Fueled by buzz generated from a savvy early partnerships with Apple and Microsoft, and a loyal customer base willing to delay purchases to cash in on promotions, Kirkland, Washington-based startup Pirq enjoyed a rash of success in early 2012 as a viable competitor to Groupon and LivingSocial in the then burgeoning daily deals space.

Investors took notice, pumping $1.2 million into Pirq in September of 2012. And Pirq showed it was capable of forward-thinking moves, keeping it simple and bucking white-hot near-field communication (NFC) technology for SMS deals delivery (Jump to 1:23). A move that recent analysis validates.

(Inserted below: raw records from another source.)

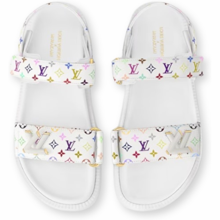 Striking signatures from the re-edition of the Louis Vuitton x Murakami collection reimagine the LV Sunset flat comfort sandal as a playful everyday statement. Crafted from coated canvas, the iconic Monogram motif is accented with bright rainbow tones inspired by the exuberant aesthetic of Japanese artist Takashi Murakami, while the front strap is embellished with chunky LV Initials with golden touches. Complete with an anatomic footbed and lightweight micro outsole for elevated comfort.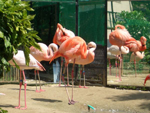 7.鏡にうつる自分の姿に見とれる(?) フラミンゴ。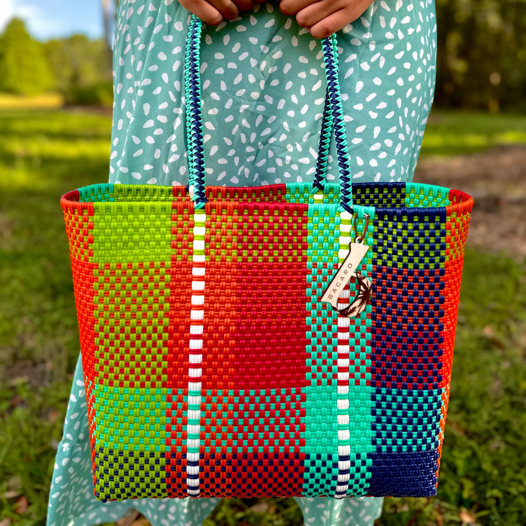 Handwoven by artisan families in Mexico, every Bagaro tote is as durable as it is beautiful. Made from 100% recycled plastic, our eco-friendly bags are lightweight, waterproof, and built to last.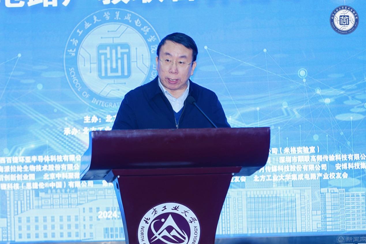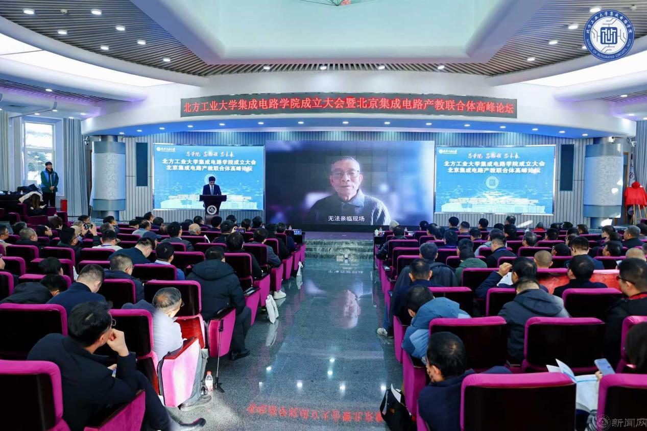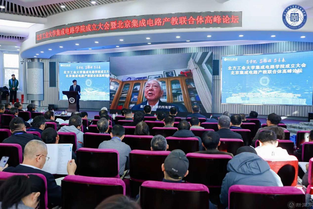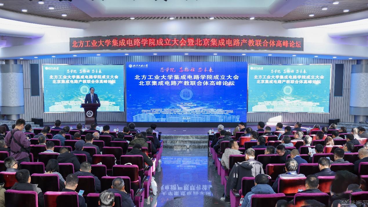 12月27日,BV伟德官方网站集成电路工程学院(下简称“集成电路学院”)成立大会暨北京集成电路产教联合体高峰论坛在广学楼报告厅举行。中国科学院院士欧阳钟灿,中国科学院院士郭雷,北京市教委二级巡视员杨江林,石景山区政府党组成员、副区长李文化,门头沟区副区长陈军胜,北京市人才工作局人才开发处三级调研员董伟,中国集成电路创新联盟秘书长、欧亚科学院院士叶甜春,北京集成电路学会秘书长陈小男,北京欧美同学会副会长、北京市人大常委会委员陶庆华,BV伟德官方网站党委副书记、校长张立峰,党委常委、副校长王建稳,党委常委、副校长王力,副校长卢晓斌出席。来自政府与科研机构、兄弟院校和合作企业的专家、学者和嘉宾,及学校师生代表参加。大会由BV伟德官方网站党委常委、副校长李全明主持。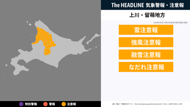 4月6日15時16分、旭川地方気象台より上川地方・留萌地方に雷注意報・強風注意報などが発表された。
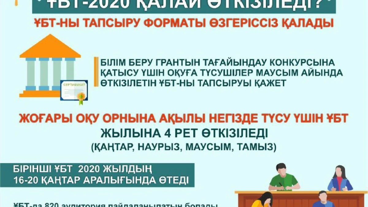 2020 жылғы 16-20 қаңтар күндері еліміздің барлық аймағындағы 99 тест тапсыру орындарында Ұлттық бірыңғай тестілеу өткізілуде.

But, the daily deals space retracted just as quickly as it expanded. CEO James Sun recalls that when the change came, it came fast. Sun had to make aggressive moves to save his company, rebranding it as an SMB loyalty platform and cutting its entire sales staff of daily deal specialists (Jump to 5:20).

“At the end of the day, the merchant realizes it’s about keeping their customers, building their customers and deepening that relationship, so that’s the pivot that we took,” Sun said (Jump to 3:10). “It was a good one, because if we stayed in the daily deals space, I think that we would not have much of a chance right now.”

Pirq has since launched its digital loyalty platform nationwide, and Sun believes that today his company is offering a solution that will prove integral to SMBs. Sun told that he is confident Pirq can compete in a new competitive set that includes burgeoning players such as Chicago-based Belly and San Francisco-based FiveStars Loyalty (Jump to 7:34) .

“Even a company like Belly, as the market leader per se, they only have 6,000 to 7,000 merchants, and so, there’s over 800,000 merchants to go get in this market, just in the U.S. alone, so the market is huge, and it’s fragmented and so I think it does offer a lot of opportunities to companies like Pirq,” Sun said (Jump to 7:56) .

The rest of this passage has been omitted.